◆ **Data shown**:

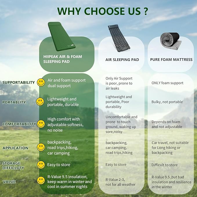 • Experience revolutionary comfort with the HiiPeak Memory Foam Sleeping Pad!: Say goodbye to sore mornings, HiiPeak Foam Sleeping Mattress is engineered with innovative Hi-Tech Memory Foam for unmatched comfort and support,which perfectly distributes weight and relieves pressure at every contact point. No more tossing and turning! The unique surface air cells design fits your back and waist with targeted ergonomic support, Breathable and sweat redcuing in summer night , super comfortable. This innovative design combines cloud-like softness with body-contouring stability, ensuring deep, restorative sleep whether you’re in a tent or under the stars.
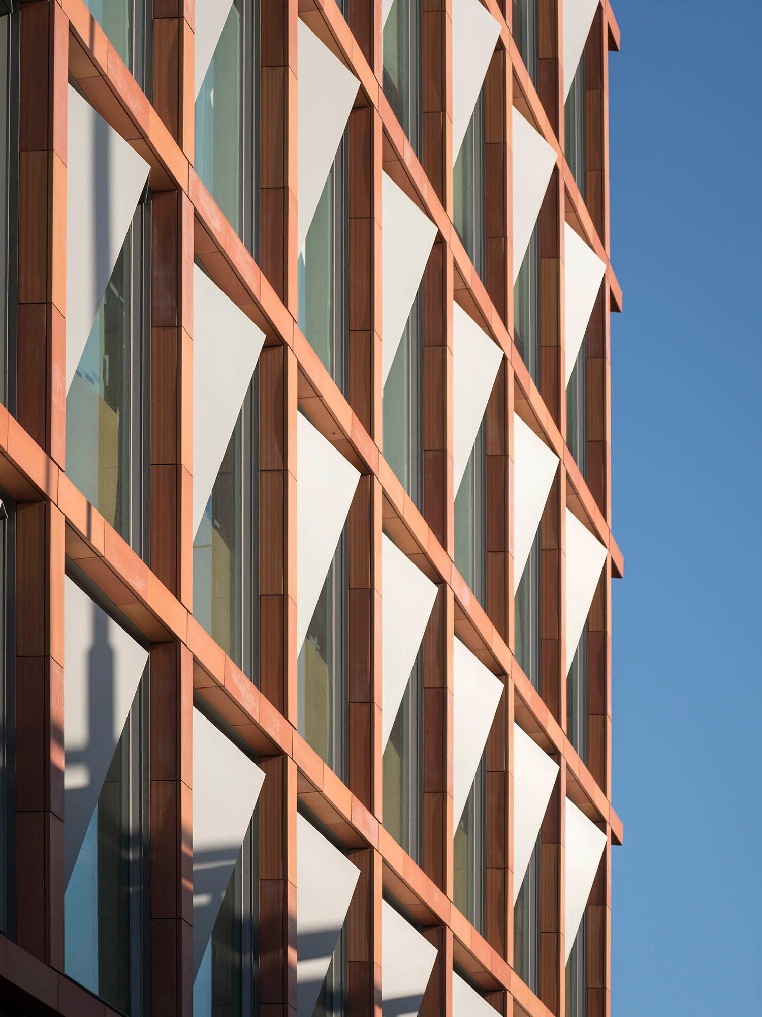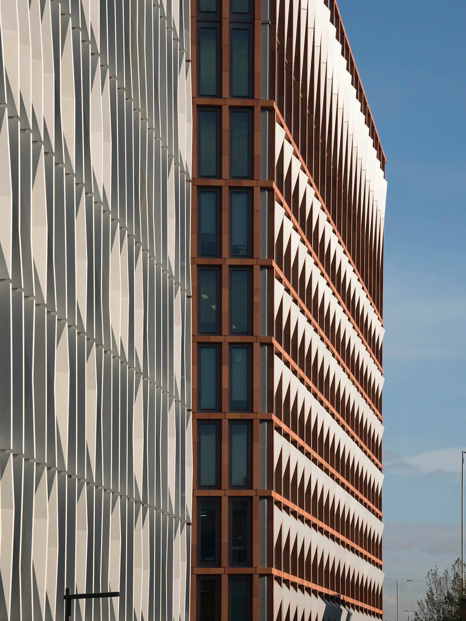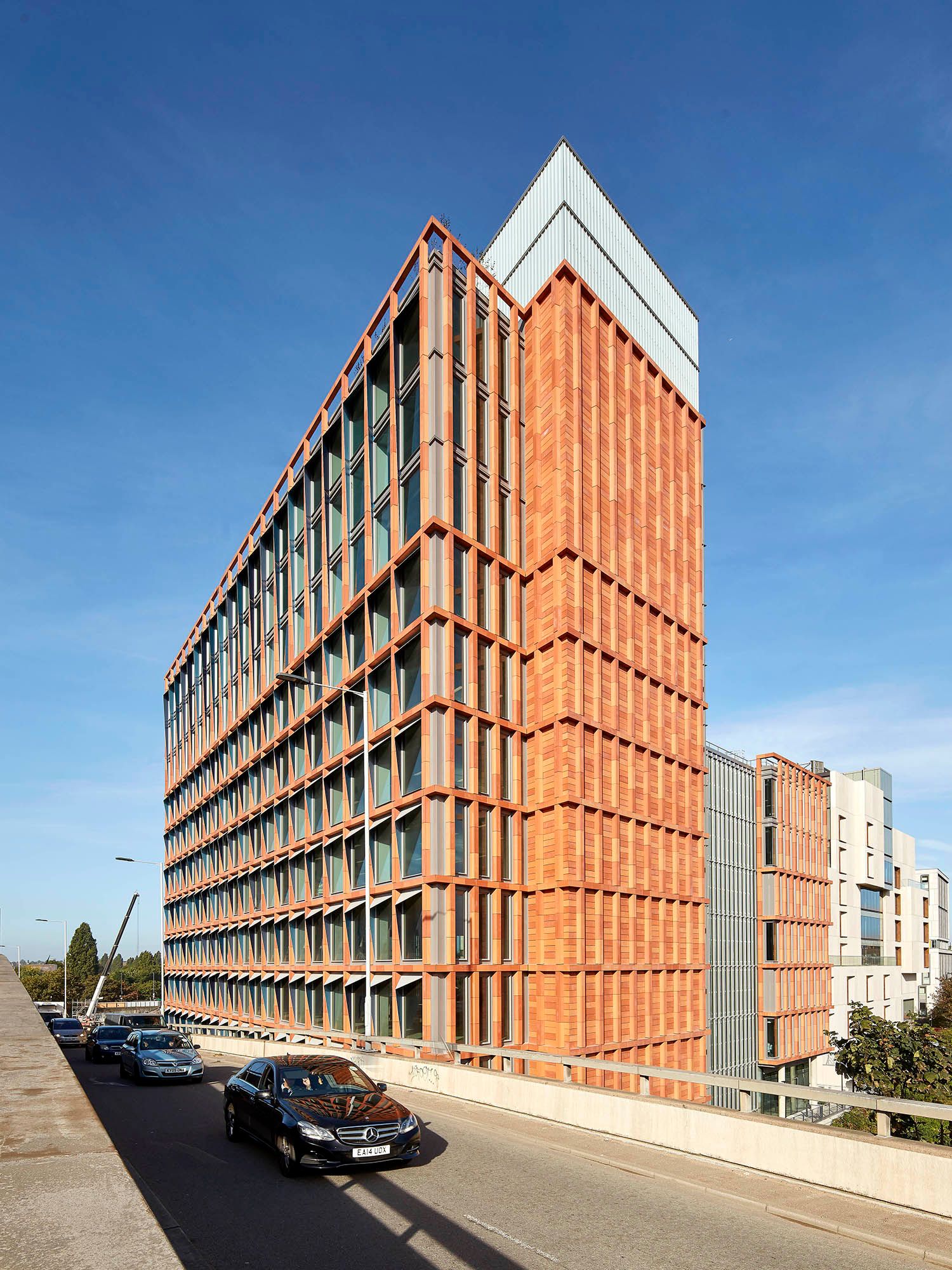 The façade combines glass, terracotta and folded metal panels to create a layered architectural expression with depth, rhythm and environmental performance. This gives the building a strong presence within White City while reinforcing its role as a visible part of London’s emerging innovation district.
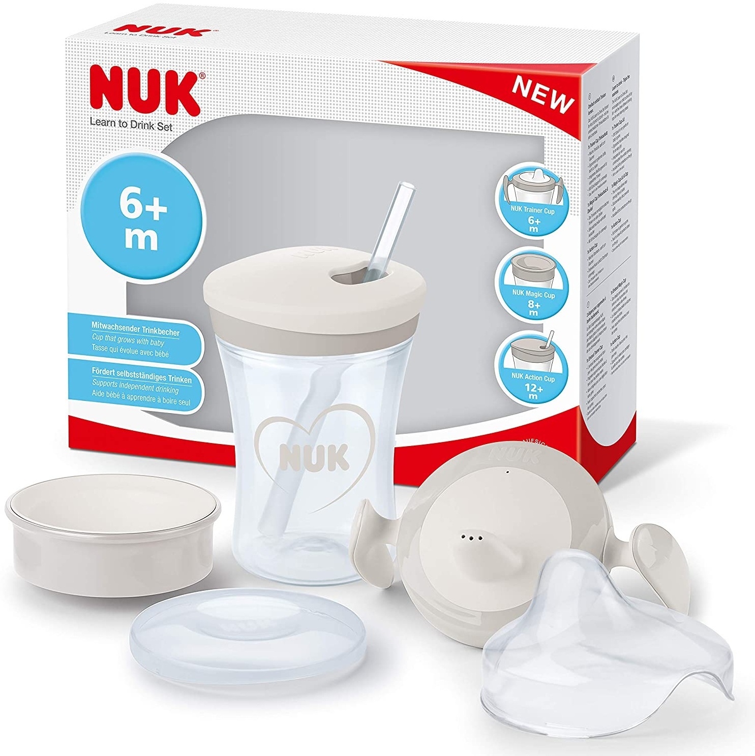 | Name | NUK 3-in-1 Trinklernset mit Trainer Cup Schnabeltasse (6+ Monate), Magic Cup 360° Trinklernbecher (8+ M) & Action Cup Trinklernflasche (12+ M) | 230 ml | BPA-frei | Herz (neutral) |

◆ **What is expected**: With the pictures left out, return all the material above exactly.

◆ **Result for this task**:
 • Experience revolutionary comfort with the HiiPeak Memory Foam Sleeping Pad!: Say goodbye to sore mornings, HiiPeak Foam Sleeping Mattress is engineered with innovative Hi-Tech Memory Foam for unmatched comfort and support,which perfectly distributes weight and relieves pressure at every contact point. No more tossing and turning! The unique surface air cells design fits your back and waist with targeted ergonomic support, Breathable and sweat redcuing in summer night , super comfortable. This innovative design combines cloud-like softness with body-contouring stability, ensuring deep, restorative sleep whether you’re in a tent or under the stars.
 The façade combines glass, terracotta and folded metal panels to create a layered architectural expression with depth, rhythm and environmental performance. This gives the building a strong presence within White City while reinforcing its role as a visible part of London’s emerging innovation district.
 | Name | NUK 3-in-1 Trinklernset mit Trainer Cup Schnabeltasse (6+ Monate), Magic Cup 360° Trinklernbecher (8+ M) & Action Cup Trinklernflasche (12+ M) | 230 ml | BPA-frei | Herz (neutral) |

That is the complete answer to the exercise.